═════ Records to process ═════
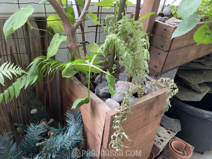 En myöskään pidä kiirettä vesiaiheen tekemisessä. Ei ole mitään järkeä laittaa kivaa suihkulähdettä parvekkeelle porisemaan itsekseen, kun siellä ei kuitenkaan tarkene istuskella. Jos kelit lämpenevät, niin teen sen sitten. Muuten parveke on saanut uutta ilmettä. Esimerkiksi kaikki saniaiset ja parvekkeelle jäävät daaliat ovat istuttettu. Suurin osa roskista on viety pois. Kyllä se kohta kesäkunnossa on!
═════
═════ Records to process ═════
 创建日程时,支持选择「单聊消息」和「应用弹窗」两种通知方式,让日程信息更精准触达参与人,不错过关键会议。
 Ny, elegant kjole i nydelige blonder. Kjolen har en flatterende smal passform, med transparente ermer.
═════
All lines above from the line with "创建日程时,支持选择「单聊消" through the line with "Ny, elegant kjole", both included, are to be set down exactly, with nothing else.

 创建日程时,支持选择「单聊消息」和「应用弹窗」两种通知方式,让日程信息更精准触达参与人,不错过关键会议。
 Ny, elegant kjole i nydelige blonder. Kjolen har en flatterende smal passform, med transparente ermer.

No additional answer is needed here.